Set up visual data analysis platform redash in 1 hour

There are many BI choices, such as Tableau, PowerBI, Superset, Metabase, and redash introduced today. Tableaus are expensive and drag-and-drop. For a data analyst, there is a lot of SQL to write, so consider superset vs. Metabase vs.Reash, superset has been built and used before. Airbnb is beautiful, but it doesn't seem to be very useful, Metabase hasn't been used, PowerBI has known before that it hasn't been studied in depth. The previous company used redash and had a good experience. There are also some limitations in the work, so consider building a simple data analysis locally.Platform to do some simple analysis and monitoring reports, the solution is: Windows 10+Docker+Redash+Python.

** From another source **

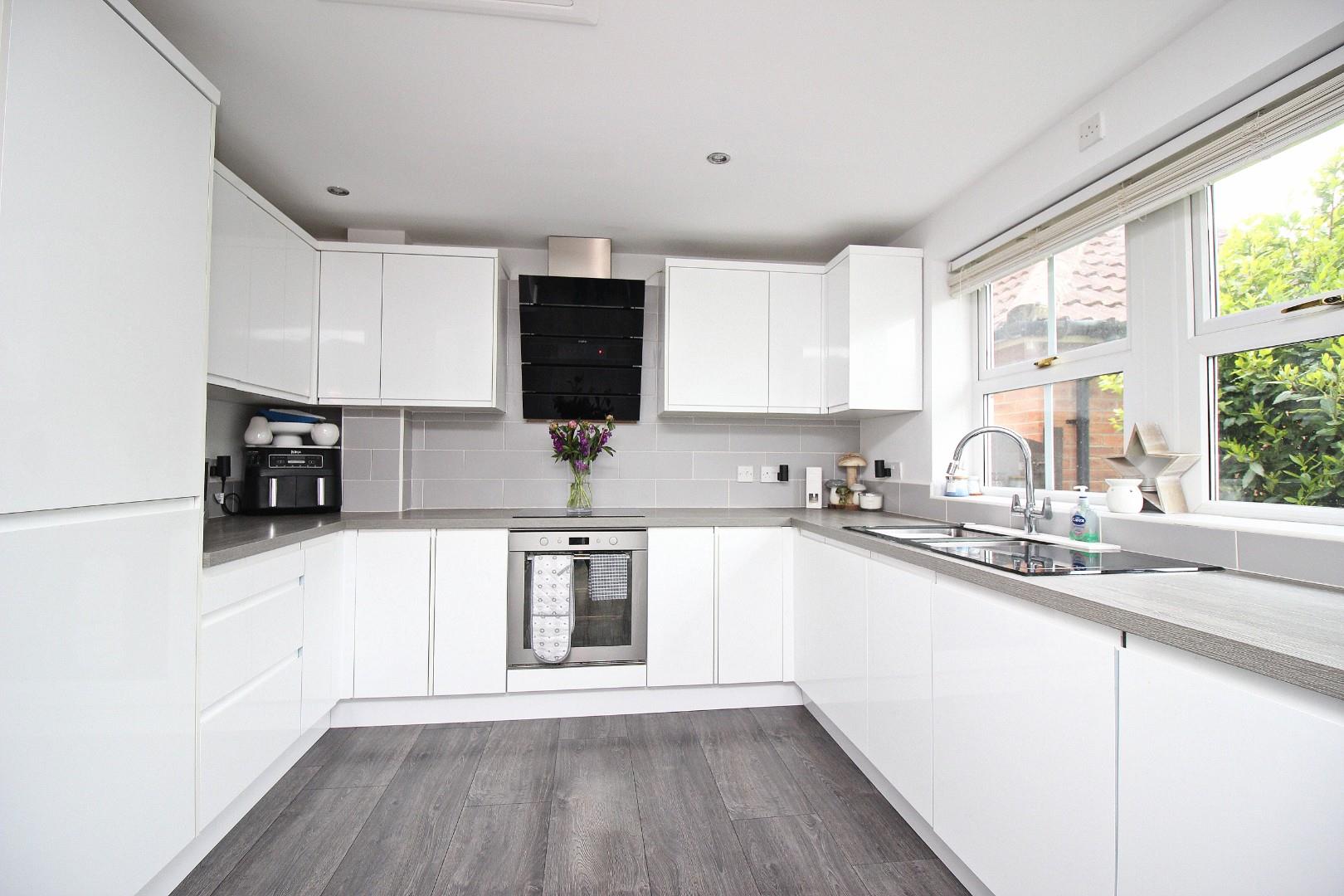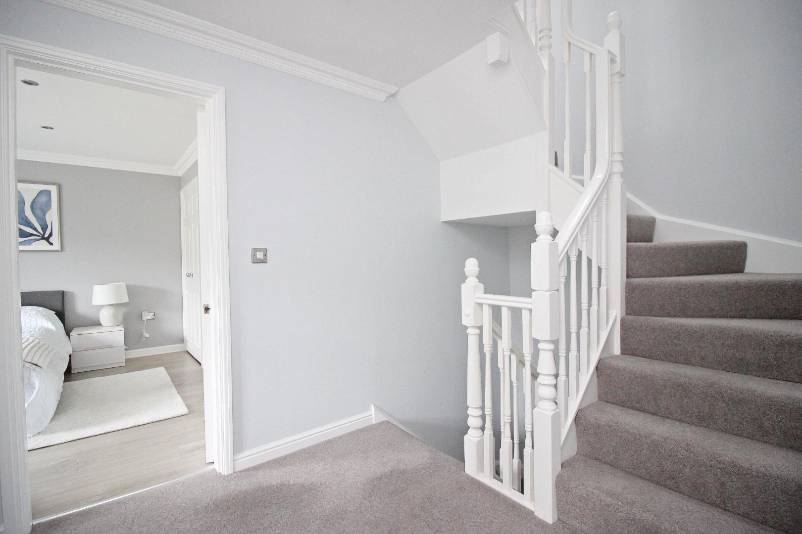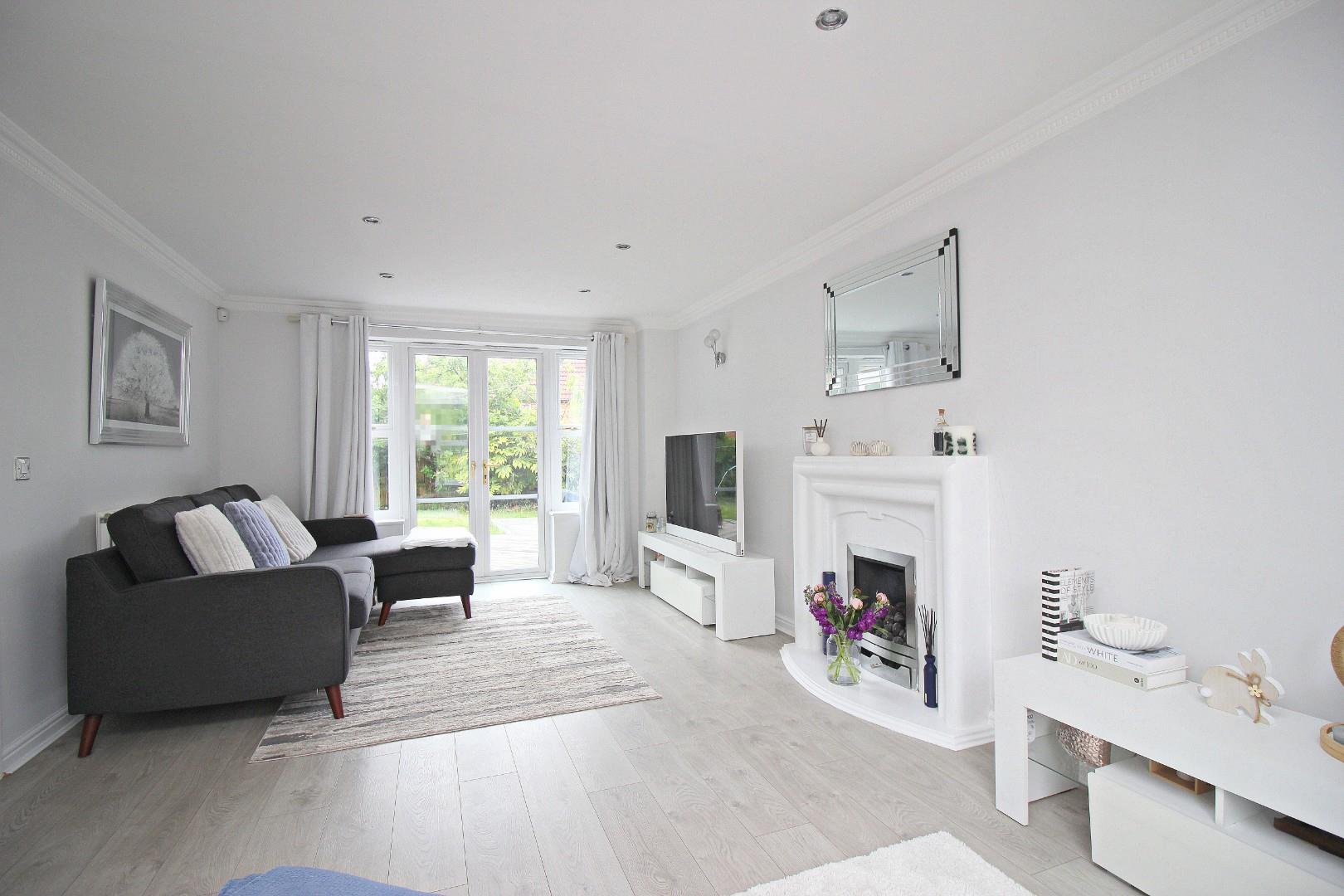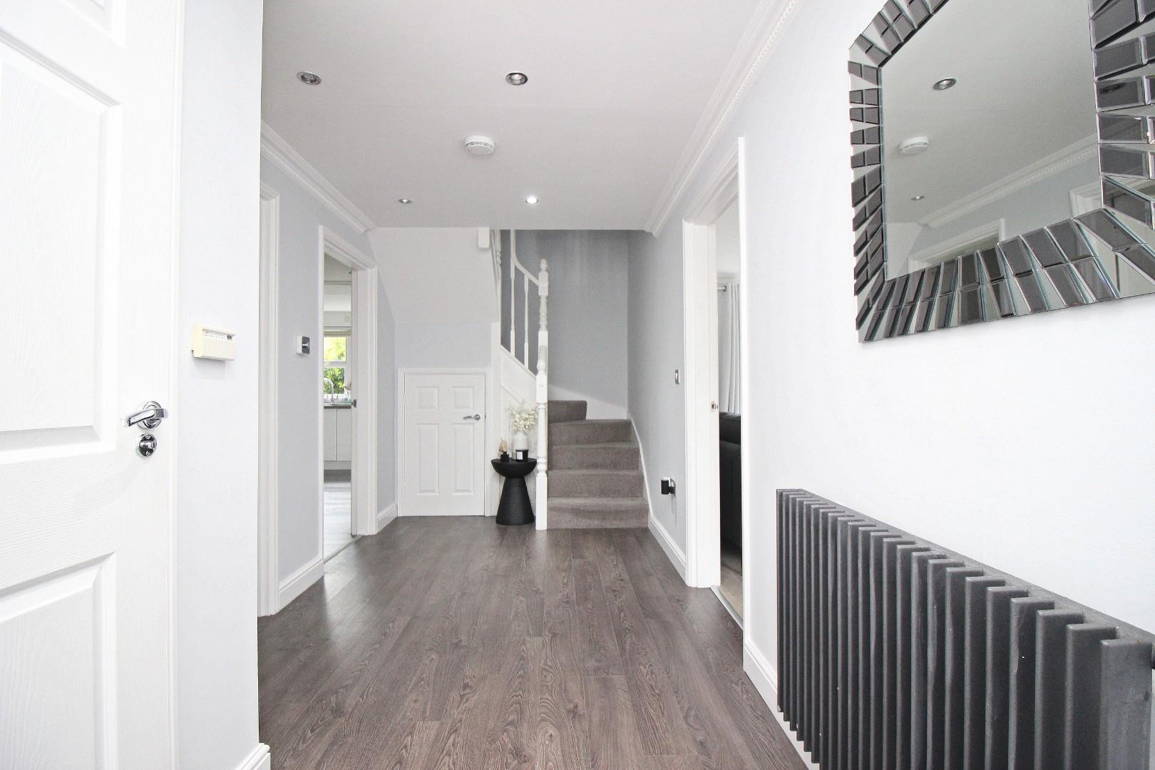 Inside, the generous layout includes multiple reception rooms and a stylish open-plan kitchen/diner with modern units, integrated appliances, and direct access to the rear patio and garden – ideal for entertaining or enjoying family meals. The spacious bedrooms are complemented by contemporary en-suites and a sleek main bathroom, all recently upgraded to a high standard. The home is immaculately presented with neutral décor, allowing buyers to personalise with ease.
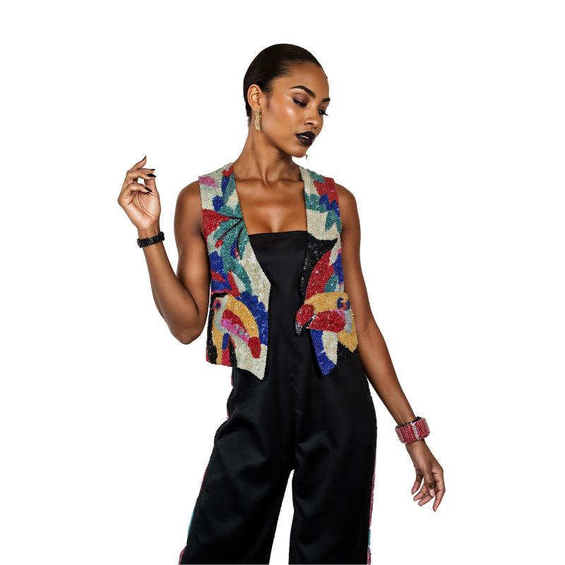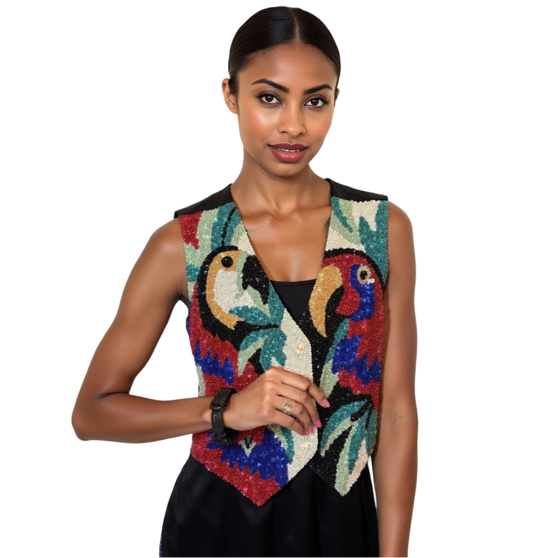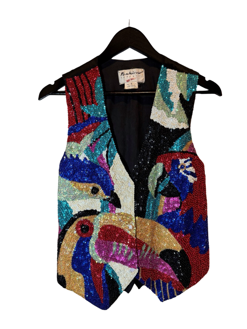 1960s Copacabana Sequin Vest – A dazzling sequin vest inspired by the vibrant energy of the legendary 1960s Copacabana nightclub, made for the limelight.

Python automatically crawls data every day to insert postgresql database, redash writes SQL code to generate reports.

I think this solution would be better than installing a mysql database locally or using Tableau/PowerBI to click a little bit and a half a day there.

Installation steps

# Install docker first
 Download one online Docker for windows perhaps for mac,The latest version is still good, but previous versions were hard to use.
Configure Domestic Mirror: Baidu Search comes soon
  "debug": true,
  "registry-mirrors": [
  "experimental": true

# Download the source from GitHub [you can open GitHub without git and click download and unzip]
git clone

# Open cmd/Termina to redash directory
cd redash

# Create a docker-compose.production.yml file that references the YML configuration.
# The git download above also contains a docker-compose.yml file, which is for development purposes and needs to be replaced.
# You can create a new one without touch ing.
touch docker-compose.production.yml

#Create db, install without error
docker-compose -f docker-compose.production.yml run --rm server create_db

#redash runs and there's something installed there as well
docker-compose -f docker-compose.production.yml up

#redash runs in the background
docker-compose -f docker-compose.production.yml up -d

Contents of docker-compose.production.yml file

This configuration REDASH_ADDITIONAL_QUERY_RUNNERS:'redash.query_runner.python'can be used to run Python, but it is python2 and I don't know how to change it to python3. I don't know what to configure these parameters like, just run. It is recommended that the image version not be the latest, download is slow and installation is unsuccessful...

# This is an example configuration for Docker Compose. Make sure to atleast update
# the cookie secret & postgres database password.
# Some other recommendations:
# 1. To persist Postgres data, assign it a volume host location.
# 2. Split the worker service to adhoc workers and scheduled queries workers.
version: '2'
    image: redash/redash:8.0.2.b37747
    command: server
      - postgres
      - redis
      - "5000:5000"
      REDASH_REDIS_URL: "redis://redis:6379/0"
      REDASH_DATABASE_URL: "postgresql://postgres@postgres/postgres"
      REDASH_COOKIE_SECRET: "suibianxieyige"
      REDASH_MAIL_USE_TLS: "true"
      REDASH_MAIL_USE_SSL: "true"
      REDASH_HOST: ""
      REDASH_ADDITIONAL_QUERY_RUNNERS: "redash.query_runner.python"
    restart: always
    image: redash/redash:8.0.2.b37747
    command: scheduler
      REDASH_REDIS_URL: "redis://redis:6379/0"
      REDASH_DATABASE_URL: "postgresql://postgres@postgres/postgres"
      REDASH_ADDITIONAL_QUERY_RUNNERS: "redash.query_runner.python"
      QUEUES: "queries,scheduled_queries,celery"
    restart: always
    image: redis:3.0-alpine
     - "6379:6379"
      - ./data/redis_data:/data
    restart: always
    image: postgres:9.5.6-alpine
     - "5432:5432"
      - ./data/postgresql_data:/var/lib/postgresql/data
    restart: always
    image: redash/nginx:latest
      - "80:80"
      - ./data/nginx:/etc/nginx
    #  - server
      - server:redash
    restart: always

If the installation is OK, open the browser and enter can access it as follows

There is no data source just in, so you need to add one. There are many kinds of data sources that can be added. We add a default database, postgresql, database name and host whatever, in the yaml profile postgresql://postgres@postgres/postgres.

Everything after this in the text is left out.